A Generator LLM traverses the notational trajectory and produces realistic dialogue turns. A Detector LLM evaluates realism at each step and returns structured feedback. Temperature annealing (high → low) preserves creative variation in early turns while ensuring convergence toward the target in later turns.

Layer 3 - Shadow Model (Iterative Trajectory Re-generation)

Before any interaction with the target model, the full dialogue trajectory is generated inside a Shadow Model - a complete synthetic sequence from U₁ to the final escalation goal. Interaction with the target model then proceeds iteratively:

Send U₁ from the Shadow Model → receive A₁ from the target model.
Fix (U₁, A₁) as the escalated prefix - the grounded portion of the trajectory.
Discard the remaining Shadow Model tail; re-generate the full remaining trajectory from (U₁, A₁), preserving the escalation goal.
Send U₂ → receive A₂ → extend the escalated prefix → repeat.

At each iteration, the escalated prefix grows by one exchange.
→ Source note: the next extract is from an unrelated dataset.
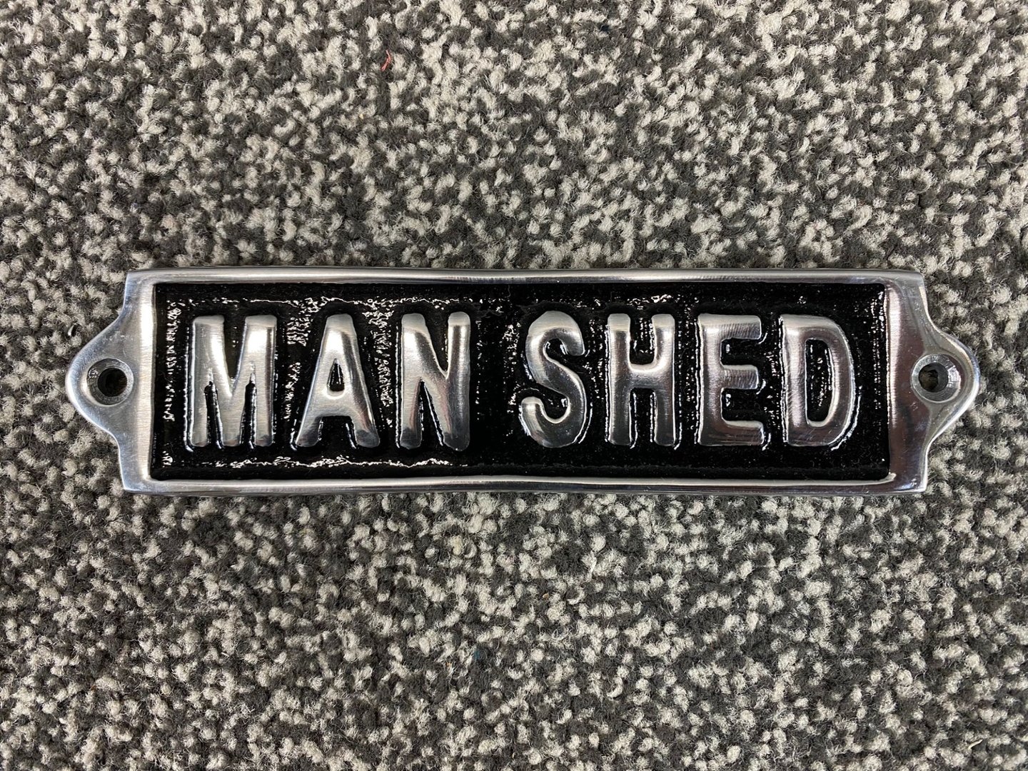 A silver and black metal Man Shed wall plaque. Approx 2" height, 6" width.

The tail is re-generated from scratch, conditioned on what the target model actually said - not on what the Shadow Model predicted. This maximises the probability of reaching the specified target behaviour.
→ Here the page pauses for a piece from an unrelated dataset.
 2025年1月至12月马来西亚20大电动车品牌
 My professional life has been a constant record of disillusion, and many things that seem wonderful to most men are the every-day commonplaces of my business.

Central hypothesis: the best predictor of a model's responses is the model itself. This is empirically testable via escalation success rate across same-model and cross-model configurations.

Deliverables

Within two months, the project will produce:

Open-source codebase - two-model dialogue generator and cross-model realism verifier.
Open benchmark dataset - annotated adversarial dialogues for evaluating empathetic safety failures.
Alignment Forum sequence - detailing the notational system, pipeline architecture, and empirical results comparing notation-guided vs. natural-language prompt stability.

The theoretical foundation, notational framework, and dual-model pipeline architecture are already designed and documented. Quantitative evaluation and codebase refinement are the primary deliverables of this grant.
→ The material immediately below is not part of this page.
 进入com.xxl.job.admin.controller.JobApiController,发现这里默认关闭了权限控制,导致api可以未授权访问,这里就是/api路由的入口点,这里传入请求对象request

Formal Notation & Automatic Red-teaming

Mirror Labyrinth Paper

Positional Matching

Unfaithful CoT and Taxonomy

L-C Fusion Algorithm Documentation

Red-teaming LLM-on-LLM

Timeline

Month 1 - Build

Week 1-2: Notation & Generator

Finalize the formal notation alphabet and typing rules
Implement the Generator LLM: prompt templates, notational trajectory input, turn-by-turn output
Basic end-to-end test: generate a 5-turn dialogue from a notation sequence

Week 3: Detector & Annealing

Implement the Detector LLM: realism scoring, structured feedback loop
Integrate temperature annealing across turns
First closed-loop Generator/Detector run

Week 4: Shadow Model

Implement iterative trajectory re-generation
Escalated prefix logic: fix, discard tail, re-generate
First end-to-end Shadow Model run against a target model

Month 2 - Evaluate & Write

Week 5-6: Experiments

Same-model vs. cross-model escalation success rate
Notation-guided vs. natural language prompt stability comparison
Collect and annotate adversarial dialogue dataset

Week 7: Codebase & Dataset

Clean and document open-source codebase
Prepare open dataset for release

Week 8: Paper

Write Alignment Forum sequence
Final review

Budget

Total: $2,000

API & Compute - $250

Pipeline parameters: 10 turns/dialogue 3 API calls/turn (Generator, Detector, Shadow Model tail regeneration) * ~2,000 input tokens + ~500 output tokens per call
Development & debugging (~$50): ~500 full dialogue trajectories at ~$0.10/run using high-throughput, low-cost models (Claude Haiku, Gemini Flash)
Evaluation & benchmarking (~$150): ~200 evaluation trajectories at ~$0.75/run across same-model and cross-model configurations using frontier models (Claude Sonnet, Gemini Pro)
Compute buffer (~$50): exploratory testing, extended context windows in late-stage dialogues, rate-limit adjustments

Researcher Stipend - $1,750

Covers dedicated research time over the two-month period: pipeline engineering, codebase publication, dataset curation, and drafting the final Alignment Forum sequence.

Researcher Background

I first documented and analysed the Mirror Labyrinth / Lexico-Conceptual Fusion phenomenon - where models legitimise suicidal ideation in ordinary empathetic conversations without explicit jailbreaking. The research agenda addressed here was constructed directly from those empirical findings.

AISC alumnus. MATS Stage 2, Anthropic Empirical Track.